--- ASSIGNMENT ---
Restate the records below word for word, and omit the images they hold.

Entries taken from a collection
|---|

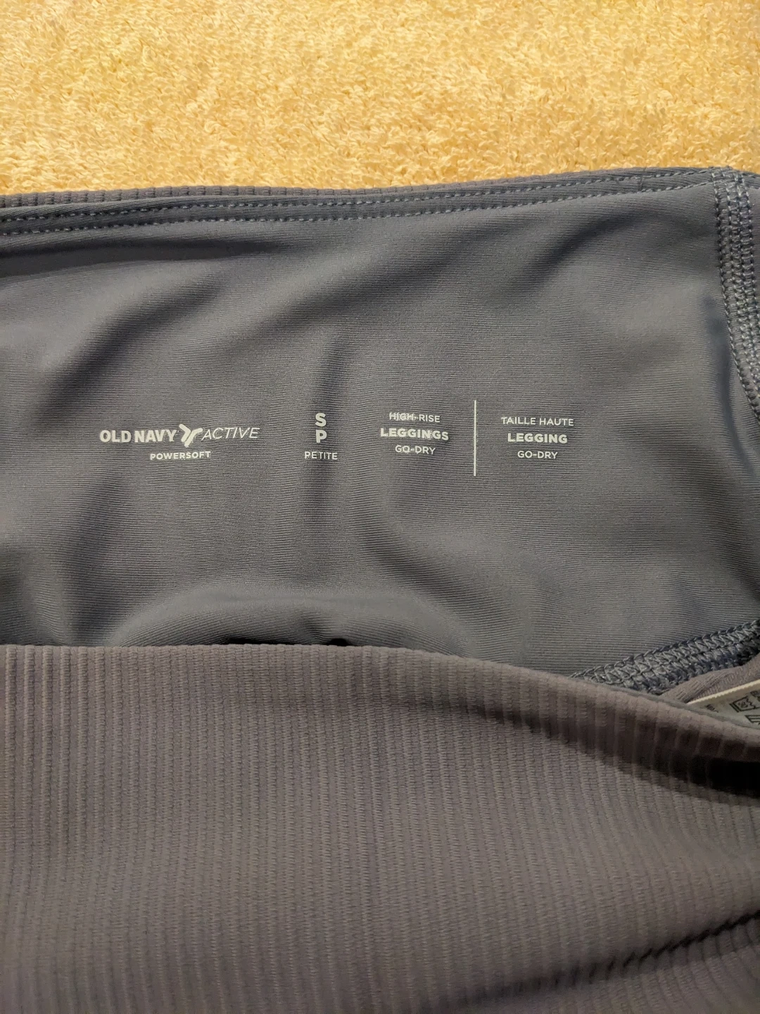 This set includes Old Navy Active PowerSoft ribbed high-waist leggings and bike shorts. The ribbed leggings have side pockets. One pair is grey (size small petite) and the other is black (size small regular). The bike shorts are size small and have a back waist pocket. Each pair have only been worn once.
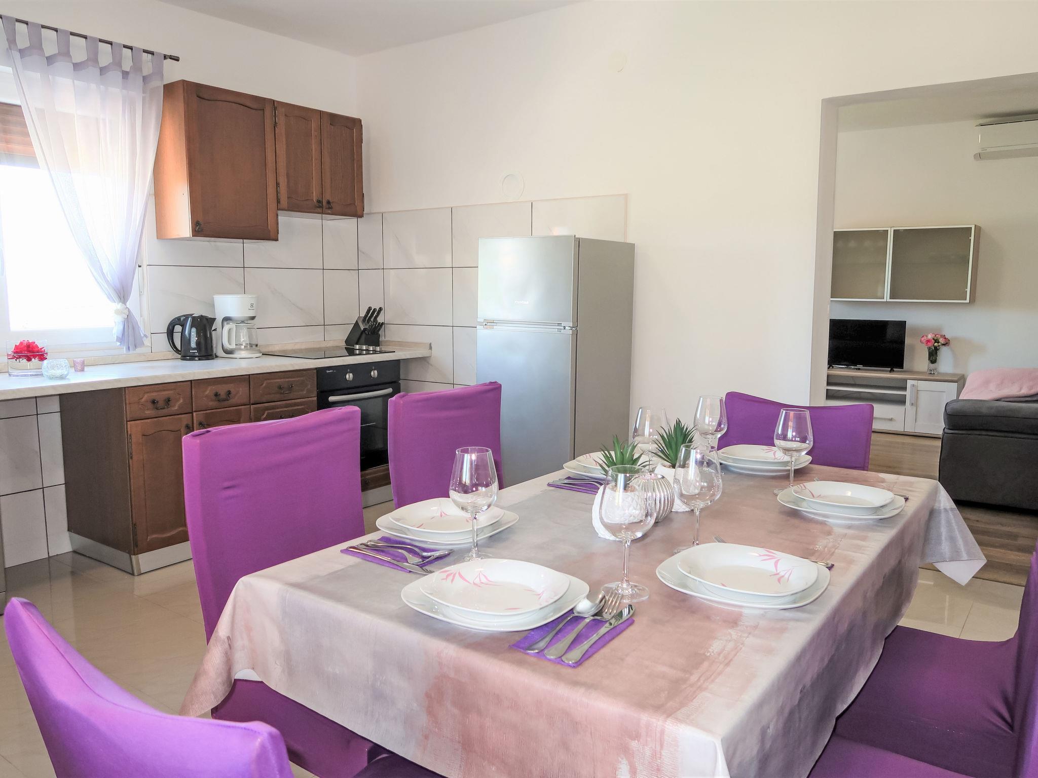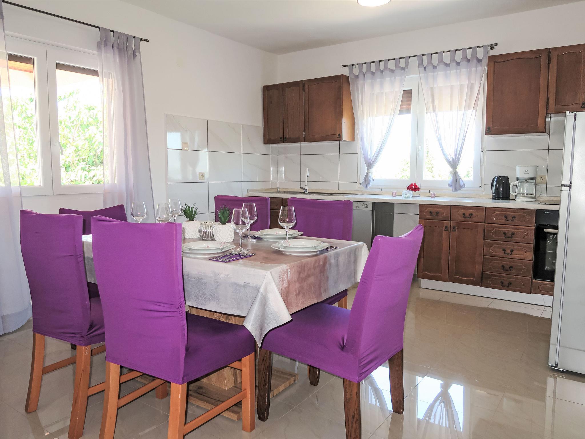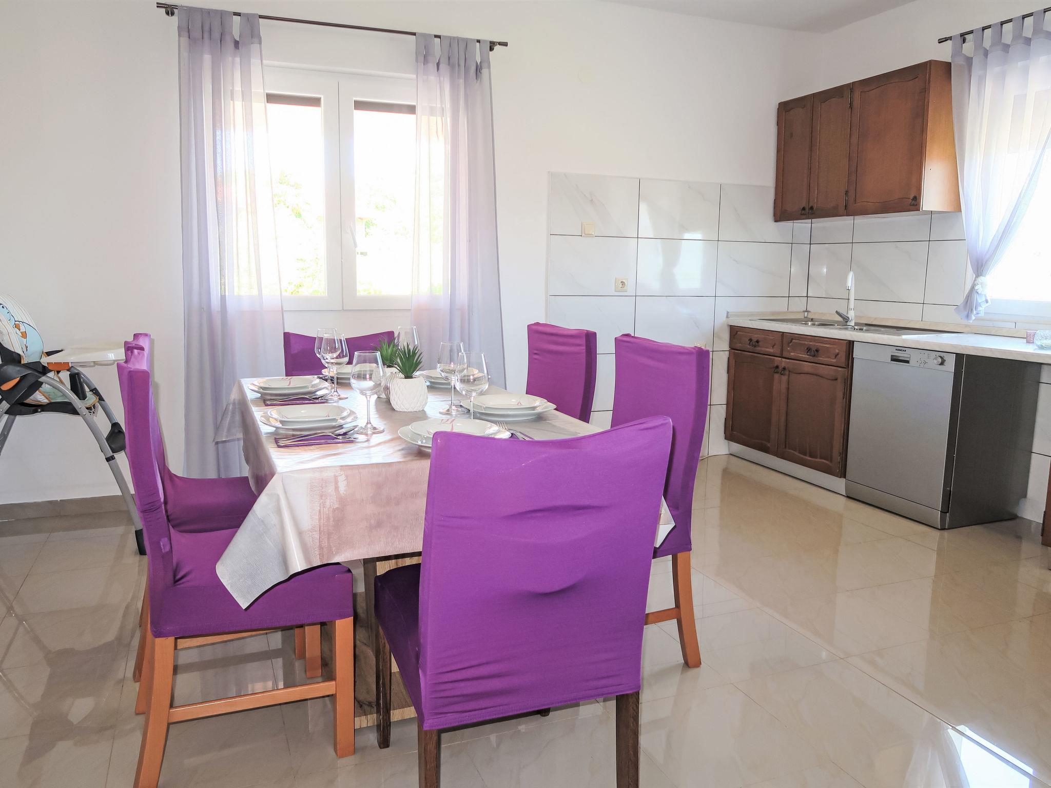 3-room house 75 m2. Living/dining room with 1 double sofabed (140 cm, length 200 cm), satellite TV and air conditioning. 2 rooms, each room with 1 double bed (2 x 80 cm, length 200 cm). Open kitchen (oven, dishwasher, 4 ceramic glass hob hotplates, toaster, kettle, microwave, freezer, electric coffee machine). Shower/WC. No heating option. Terrace 30 m2 partly roofed. Terrace furniture, deck chairs. Facilities: iron, children's high chair, baby cot. Internet (WiFi, free). Please note: non-smoking house.
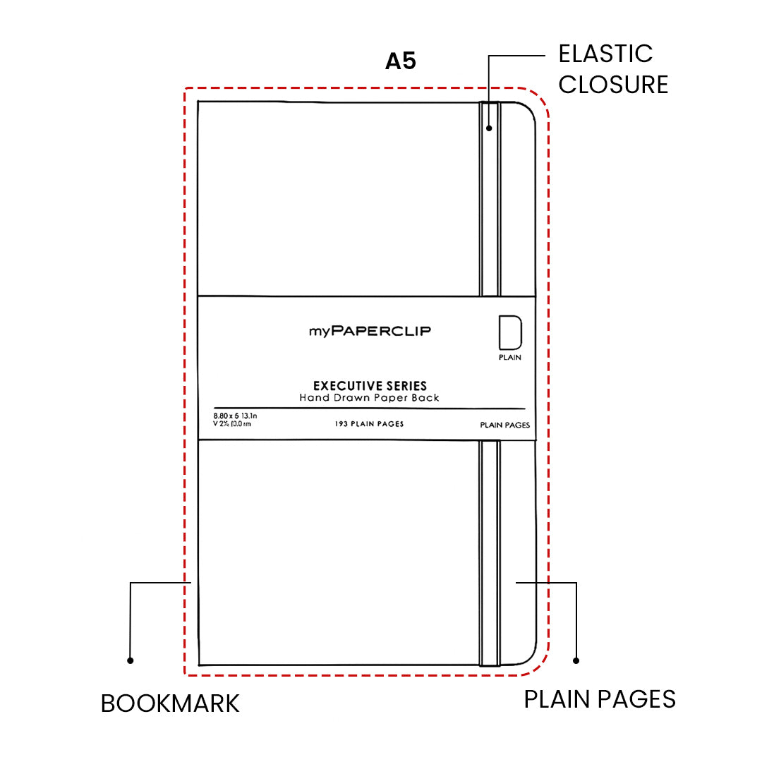 - Section thread bound, hand drawn cover for flat opening, rounded corners, a bookmark, an elastic closure & an expandable back pocket.
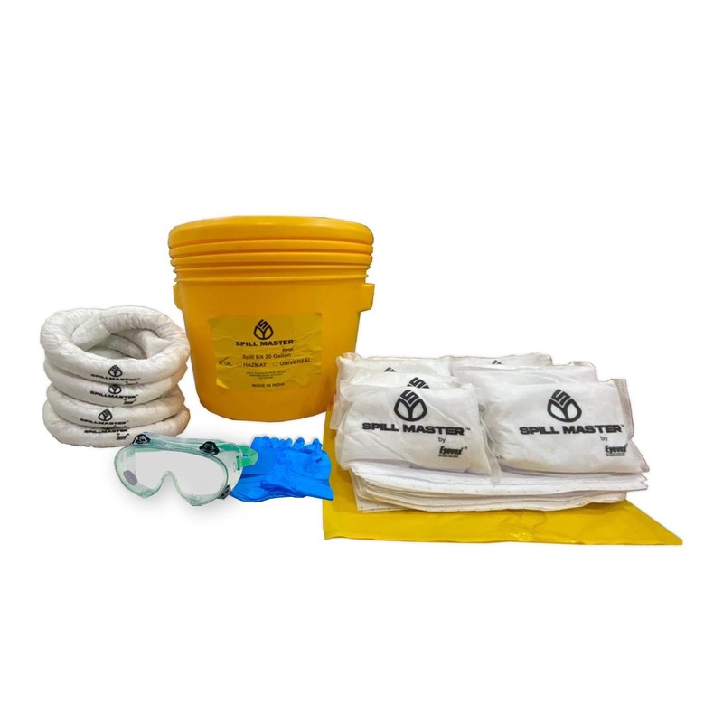 An oil spill kit in a yellow wheeled bin with a capacity of 20 gallons (or approximately 120 liters) is designed for larger spills and is typically used in industrial settings or areas where large volumes of oil or other hazardous liquids are stored or transported. The kit is designed to contain and clean up spills of up to 120 liters and is often used in workshops, factories, and other industrial locations. Here are some components that may be included in an oil spill kit in a yellow wheeled bin: Absorbent materials – Like smaller kits, an oil spill kit in a yellow wheeled bin typically includes a variety of absorbent materials such as pads, socks, and pillows to soak up the spilled oil or other hazardous liquids. Protective gear – The kit may also include personal protective equipment such as gloves, goggles, and protective clothing to help ensure the safety of those handling the spill.
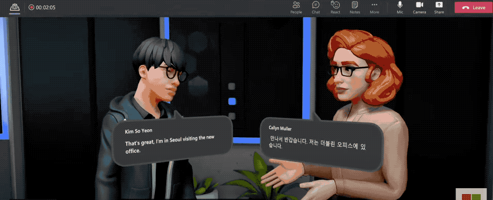 Mesh for Teams 平台支持用户自定义形象参加线上会议,甚至还可以打造一个沉浸式的虚拟空间,让新员工能在其中办理入职手续,举办派对等活动。

|---|

--- YOUR RESPONSE ---
 This set includes Old Navy Active PowerSoft ribbed high-waist leggings and bike shorts. The ribbed leggings have side pockets. One pair is grey (size small petite) and the other is black (size small regular). The bike shorts are size small and have a back waist pocket. Each pair have only been worn once.
 3-room house 75 m2. Living/dining room with 1 double sofabed (140 cm, length 200 cm), satellite TV and air conditioning. 2 rooms, each room with 1 double bed (2 x 80 cm, length 200 cm). Open kitchen (oven, dishwasher, 4 ceramic glass hob hotplates, toaster, kettle, microwave, freezer, electric coffee machine). Shower/WC. No heating option. Terrace 30 m2 partly roofed. Terrace furniture, deck chairs. Facilities: iron, children's high chair, baby cot. Internet (WiFi, free). Please note: non-smoking house.
 - Section thread bound, hand drawn cover for flat opening, rounded corners, a bookmark, an elastic closure & an expandable back pocket.
 An oil spill kit in a yellow wheeled bin with a capacity of 20 gallons (or approximately 120 liters) is designed for larger spills and is typically used in industrial settings or areas where large volumes of oil or other hazardous liquids are stored or transported. The kit is designed to contain and clean up spills of up to 120 liters and is often used in workshops, factories, and other industrial locations. Here are some components that may be included in an oil spill kit in a yellow wheeled bin: Absorbent materials – Like smaller kits, an oil spill kit in a yellow wheeled bin typically includes a variety of absorbent materials such as pads, socks, and pillows to soak up the spilled oil or other hazardous liquids. Protective gear – The kit may also include personal protective equipment such as gloves, goggles, and protective clothing to help ensure the safety of those handling the spill.
 Mesh for Teams 平台支持用户自定义形象参加线上会议,甚至还可以打造一个沉浸式的虚拟空间,让新员工能在其中办理入职手续,举办派对等活动。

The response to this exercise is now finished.